---------- Source material
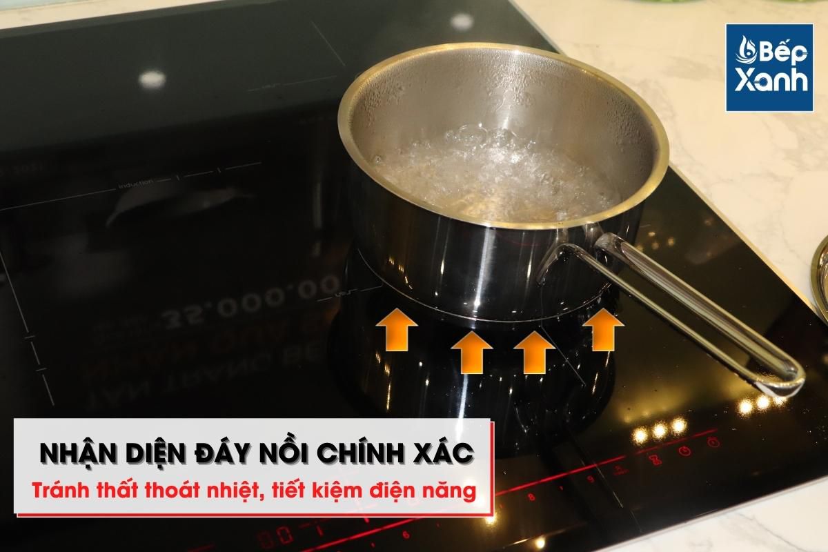 Khi sử dụng bếp, bạn có thể hoàn toàn yên tâm việc thất thoát nhiệt vì bếp có khả năng nhận diện đáy nồi để truyền nhiệt một cách chính xác. Do đó, nhiệt chỉ tập trung duy nhất ở phần đáy nồi giúp thức ăn mau chín hơn, tiết kiệm điện năng và thời gian đun nấu.
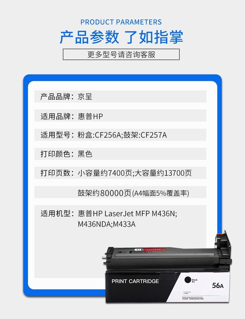京呈CF256X墨盒适用惠普m436n m436nda m433a复印机CF257A硒鼓56X粉盒/支 256X黑色大容量13700页
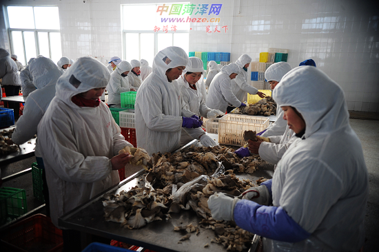 菏泽利得尔食品有限公司员工正在生产蘑菇罐头。该公司是西班牙客商独资的大型食品生产企业,主要生产芦笋、食用菌、黄桃等30多种罐头食品,产品全部销往国外。公司在一、二期工程总投资1200万美元的基础上,又投资1.8亿元进行了三期扩建,新上的辣椒、甜玉米生产线已投入生产。
--------------------
Please restate, word for word, the lines from the one with "京呈CF256X墨盒适用惠普m436n m436nda m433a复印机CF257A硒鼓56X粉盒/支" through the final line of the material, both included, and omit the pictures.

▸ Answer below
京呈CF256X墨盒适用惠普m436n m436nda m433a复印机CF257A硒鼓56X粉盒/支 256X黑色大容量13700页
 菏泽利得尔食品有限公司员工正在生产蘑菇罐头。该公司是西班牙客商独资的大型食品生产企业,主要生产芦笋、食用菌、黄桃等30多种罐头食品,产品全部销往国外。公司在一、二期工程总投资1200万美元的基础上,又投资1.8亿元进行了三期扩建,新上的辣椒、甜玉米生产线已投入生产。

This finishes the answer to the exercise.